[[ RECORDED DATA, beginning ]]

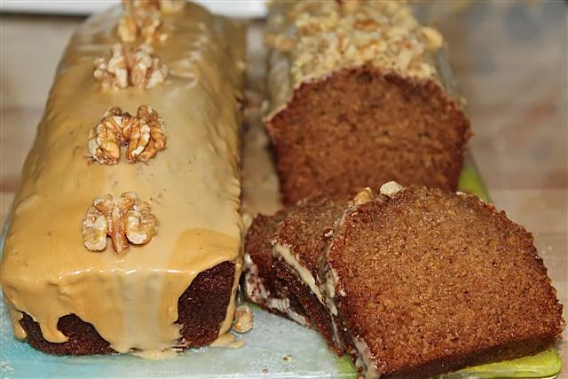 עוגת דבש בחושה, שחומה ומתוקה עם בוסט של קפה חזק וכפית של קקאו איכותי בכדי להעשיר את הצבע והטעם של העוגה. מלמעלה מפזרים אגוזי מלך ושקדים קצוצים שמוסיפים קרנצ'יות וטעם לעוגה.
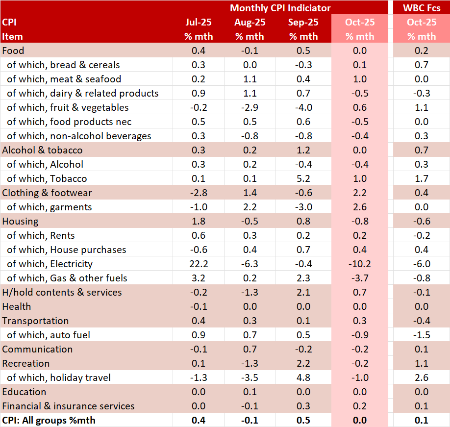 The CPI Indicator was flat in the month, a touch softer than Westpac’s published near-cast of 0.1% on the back of a larger than expected decline in electricity (–10.2%) only partially offset by smaller than expected decline in auto fuel (–0.9%) and an unexpected bump up in garments (+2.6%).
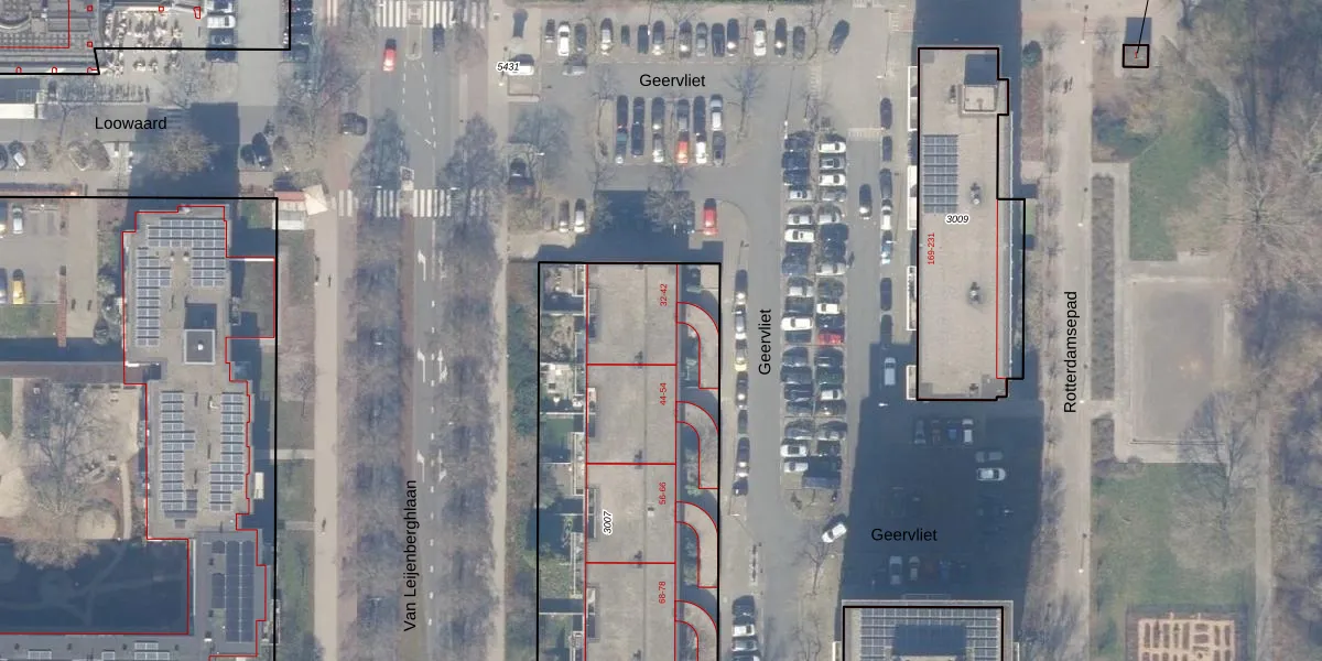 Het perceel waarop Geervliet 42 staat heeft een oppervlakte van 2083 m². Dit is een zeer groot perceel. De perceeloppervlakte wordt geregistreerd door het Kadaster. Gedetailleerde informatie over de maten van dit perceel kunt u vinden in het rapport Kadastrale kaart met maatvoering van Geervliet 42.

[[ RECORDED DATA, end ]]

Only the text of the listing above is wanted, transcribed exactly, without its images.

REPLY.
 עוגת דבש בחושה, שחומה ומתוקה עם בוסט של קפה חזק וכפית של קקאו איכותי בכדי להעשיר את הצבע והטעם של העוגה. מלמעלה מפזרים אגוזי מלך ושקדים קצוצים שמוסיפים קרנצ'יות וטעם לעוגה.
 The CPI Indicator was flat in the month, a touch softer than Westpac’s published near-cast of 0.1% on the back of a larger than expected decline in electricity (–10.2%) only partially offset by smaller than expected decline in auto fuel (–0.9%) and an unexpected bump up in garments (+2.6%).
 Het perceel waarop Geervliet 42 staat heeft een oppervlakte van 2083 m². Dit is een zeer groot perceel. De perceeloppervlakte wordt geregistreerd door het Kadaster. Gedetailleerde informatie over de maten van dit perceel kunt u vinden in het rapport Kadastrale kaart met maatvoering van Geervliet 42.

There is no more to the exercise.